*DESCRIPTION OF THE TASK*. Please transcribe only the lines between the one containing "Envie uma nota" and the end of the records, both ends included, exactly as written; skip every picture.

*DATASET ENTRIES*.

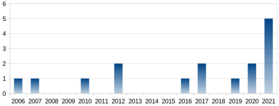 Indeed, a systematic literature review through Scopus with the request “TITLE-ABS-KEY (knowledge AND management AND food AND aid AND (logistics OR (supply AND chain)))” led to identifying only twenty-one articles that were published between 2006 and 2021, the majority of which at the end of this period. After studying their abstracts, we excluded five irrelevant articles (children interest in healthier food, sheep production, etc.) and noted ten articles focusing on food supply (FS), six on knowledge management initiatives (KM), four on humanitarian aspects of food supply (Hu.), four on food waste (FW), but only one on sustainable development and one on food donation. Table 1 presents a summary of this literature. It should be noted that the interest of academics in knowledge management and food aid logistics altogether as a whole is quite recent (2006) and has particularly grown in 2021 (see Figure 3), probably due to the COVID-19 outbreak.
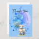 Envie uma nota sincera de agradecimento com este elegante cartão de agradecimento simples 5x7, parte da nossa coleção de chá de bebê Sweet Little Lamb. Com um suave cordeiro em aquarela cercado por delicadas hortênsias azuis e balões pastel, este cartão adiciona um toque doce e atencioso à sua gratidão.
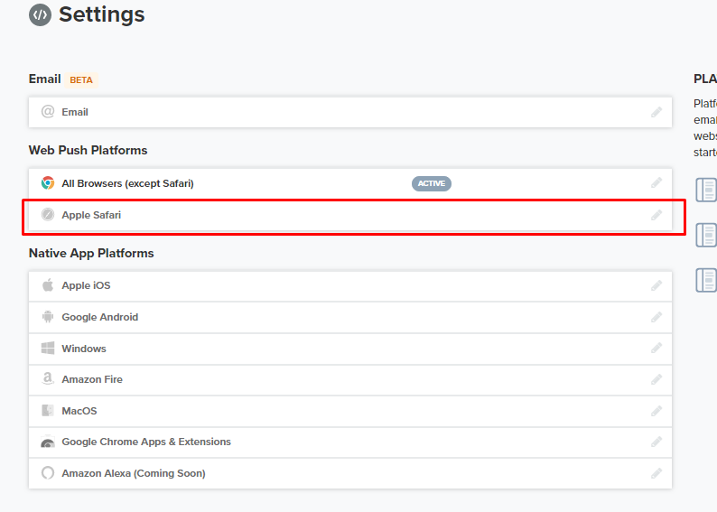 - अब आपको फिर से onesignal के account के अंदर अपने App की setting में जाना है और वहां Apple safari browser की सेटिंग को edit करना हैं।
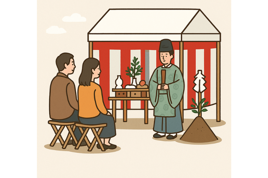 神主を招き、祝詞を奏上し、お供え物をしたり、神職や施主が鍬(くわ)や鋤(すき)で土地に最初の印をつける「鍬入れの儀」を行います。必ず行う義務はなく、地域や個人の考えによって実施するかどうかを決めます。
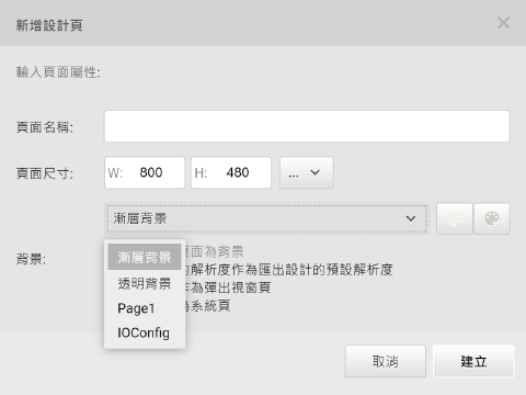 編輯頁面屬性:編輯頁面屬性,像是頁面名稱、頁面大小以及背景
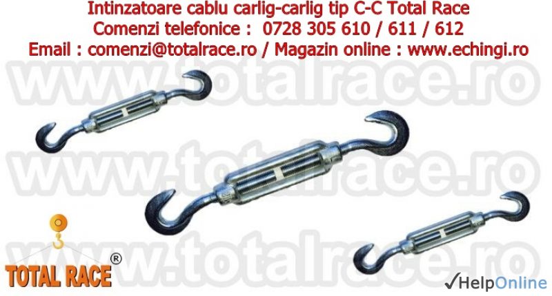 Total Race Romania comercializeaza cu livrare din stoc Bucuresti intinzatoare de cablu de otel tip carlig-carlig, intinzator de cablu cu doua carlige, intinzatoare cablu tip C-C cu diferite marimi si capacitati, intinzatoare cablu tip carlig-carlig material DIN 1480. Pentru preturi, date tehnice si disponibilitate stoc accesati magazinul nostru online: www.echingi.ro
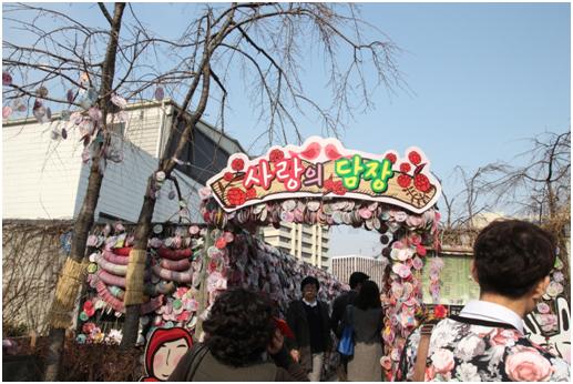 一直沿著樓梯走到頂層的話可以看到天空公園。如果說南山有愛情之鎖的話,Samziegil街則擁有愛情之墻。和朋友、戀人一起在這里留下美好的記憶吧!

*YOUR SOLUTION*.
 Envie uma nota sincera de agradecimento com este elegante cartão de agradecimento simples 5x7, parte da nossa coleção de chá de bebê Sweet Little Lamb. Com um suave cordeiro em aquarela cercado por delicadas hortênsias azuis e balões pastel, este cartão adiciona um toque doce e atencioso à sua gratidão.
 - अब आपको फिर से onesignal के account के अंदर अपने App की setting में जाना है और वहां Apple safari browser की सेटिंग को edit करना हैं।
 神主を招き、祝詞を奏上し、お供え物をしたり、神職や施主が鍬(くわ)や鋤(すき)で土地に最初の印をつける「鍬入れの儀」を行います。必ず行う義務はなく、地域や個人の考えによって実施するかどうかを決めます。
 編輯頁面屬性:編輯頁面屬性,像是頁面名稱、頁面大小以及背景
 Total Race Romania comercializeaza cu livrare din stoc Bucuresti intinzatoare de cablu de otel tip carlig-carlig, intinzator de cablu cu doua carlige, intinzatoare cablu tip C-C cu diferite marimi si capacitati, intinzatoare cablu tip carlig-carlig material DIN 1480. Pentru preturi, date tehnice si disponibilitate stoc accesati magazinul nostru online: www.echingi.ro
 一直沿著樓梯走到頂層的話可以看到天空公園。如果說南山有愛情之鎖的話,Samziegil街則擁有愛情之墻。和朋友、戀人一起在這里留下美好的記憶吧!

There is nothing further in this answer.